Posted by: Chris Jennings on October 02, 2006 in response to Message #219199
I've been using (and big fan of) IDEA since version 3.0 too. Each time a new version comes out I find it stuffed with stuff I'll probably not ever use but also with one or two things that make me smile. This time the extended JavaScript support might be the biggest plus for me (but I'm spending a lot of time working on AJAX w/ dojo and DWR right now). The project-wide error handling is a nice new thing too.

I agree that improved speed would be a nice thing.

The tool-support for EJB3 and JSF as well as the TeamCity stuff might be really nice, but I don't see any teams near me moving in that direction. But that's just me.

I'll repeat myself though. improved speed would be a nice thing. I actually delete the caches directory occassionally to speed things up.

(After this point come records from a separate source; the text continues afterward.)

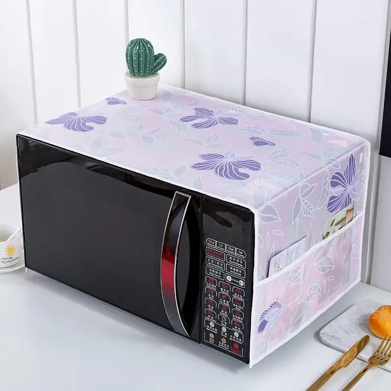Пылезащитный чехол для микроволновой печи, тонкое мастерство, равномерно плотные автомобильные линии, плоский, прочный и долговечный. Изысканные печатные узоры, простые и стильные, не выцветают. Экологически чистый материал PEVA, водонепроницаемый и незарастающий, моющийся и легко протираемый. Поставляется с карманом для хранения для удобного использования.
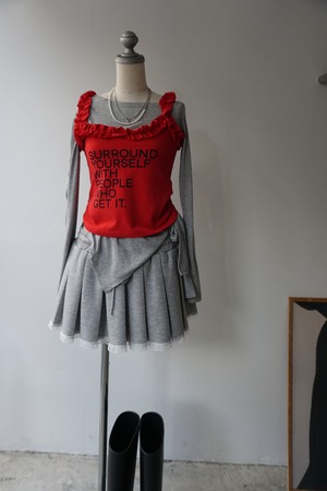 裾にはレースをあしらい、スポーティーさの中にフェミニンな要素をプラスしています。
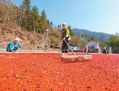 Photo shows farmers air-drying seeds of Sarcandra glabra, a medicinal plant, in a Sarcandra glabra production base in Xingyue village, Rongjiang county, southwest China's Guizhou Province. Leveraging its rich forest resources, Rongjiang county has vigorously developed the understory economy by promoting the cultivation of medicinal herbs of traditional Chinese medicine, including Sarcandra glabra, in forests, thus boosting the incomes of farmers. (Photo/Zhou Guangsheng)
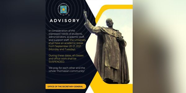 Pansamantalang sususpendihin ng Pontifical and Royal University of Santo Tomas ang klase at office work sa unibersidad mula sa ika-20 hanggang ika-21 ng Setyembre. Nasasaad
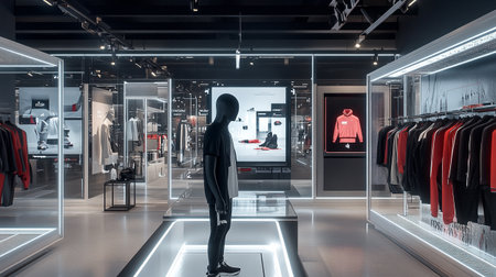 Innovative augmented reality shopping experience in a modern retail store with virtual try ons
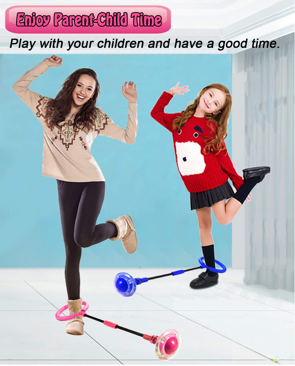 ILNCLUY Foldable Ankle Skip Ball Flashing Jumping Ring Colorful Sports Swing Ball, Fitness Fat Burning Jump Rope Game for Boy and Girl (Pink)

Yuck.

On the other hand, I don't know if Eclipse is for me yet.

2-penny
,boz

  Message #219204 Post reply Post reply Post reply Go to top Go to top Go to top

Re: IDEA 6.0 released

Posted by: legolas woodland on October 02, 2006 in response to Message #219180
Hi
Thank you for reading my post
i have some question about IDEA web developement support :
-does it has visual page designer for jsf/html/jsp files built-in or via plugins ?

-does it provides visual editor for struts-config ,faces-confgi , web.xml ?

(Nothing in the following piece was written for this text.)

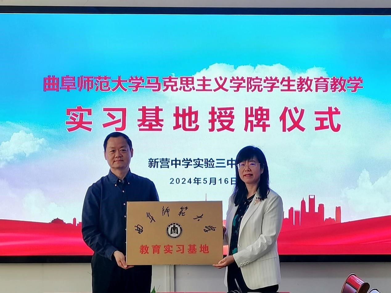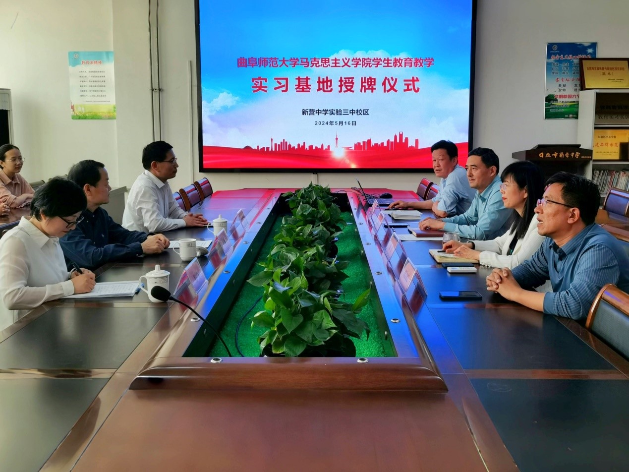 曲阜师大马克思主义学院讯 为提升教育实习质量,拓展实习教学基地,5月16日下午,半岛在线体育网马克思主义学院院长孙迪亮、副院长任松峰、团委书记张林一行到日照市新营中学实验三中校区调研。新营中学实验三中校长秦君、副校长徐杰、教师代表宋年青、郑加红和学院实习学生出席实习基地授牌仪式。会议由徐杰主持。

-does it support adding persistence unit visually ?

-in team development term , does it has any SVN support ?

-which apps are supported and up to which level ?

-what does it provide for webservice development ?

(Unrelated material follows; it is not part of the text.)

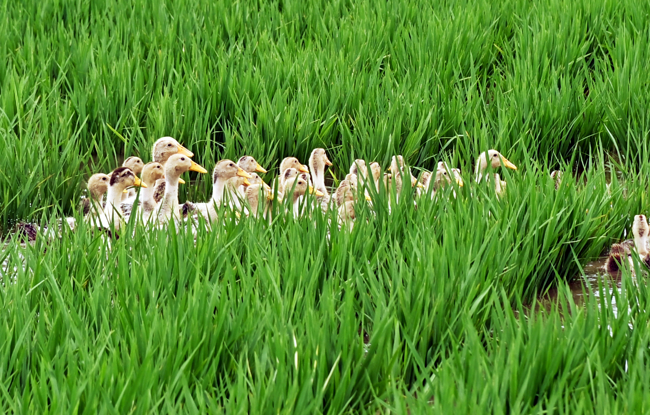 永联水稻基地开展的稻鸭共作模式。
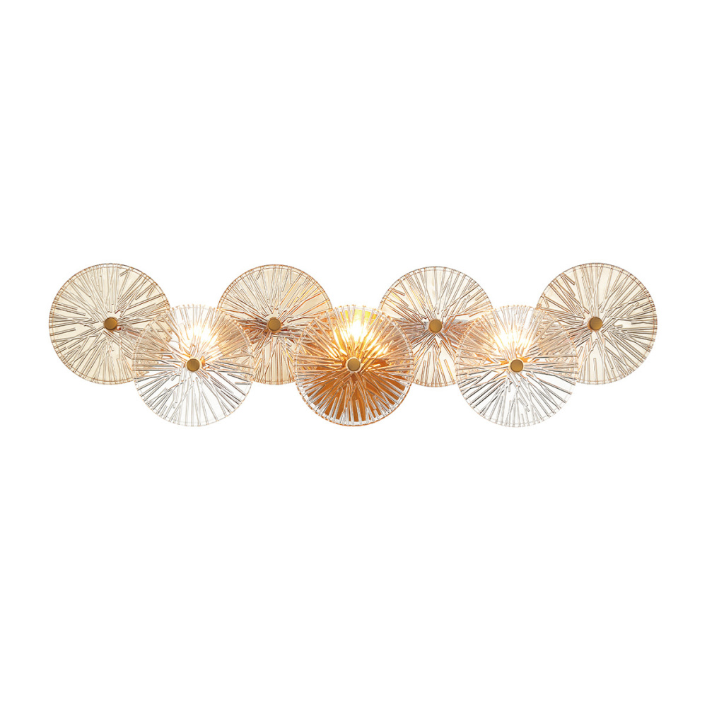 Grand, robust detailing showcase exemplary glasswork. The pressed ribbed glass are each handmade creating unique pieces. Intricate detailing and naturally tinted glass further add to its unique characteristics.

-which code generators it has ?


thanks

  Message #219209 Post reply Post reply Post reply Go to top Go to top Go to top

Very agreed

Posted by: Hugo Zhu on October 02, 2006 in response to Message #219199
I have the same feeling. I feel unhappy that it always takes up to 5 minutes to launch Idea 6 and open a project - I have 1.5 G memory on my thinkpad T60. There is no pleasuse at all to wait so long.

I often use SpringFrameworks, Hibernate, Velocity nowadays. I think JetBrains just want to see IDEA for big price, so they support a lot of EJB. I suggest IDEA should be seperated into two version, one full but a memory monster version, the other is lite, fast, and really develop with pleasure.

Thanks,
Hugo Zhu

  Message #219220 Post reply Post reply Post reply Go to top Go to top Go to top

I prefer Oracle JDeveloper...

Posted by: Kobori Alexander on October 03, 2006 in response to Message #219180
Hi,

IDEA may be a good IDE but I still consider this IDE is no match for JDeveloper.
Especially JDeveloper is free for everyone why pay for IDEA?...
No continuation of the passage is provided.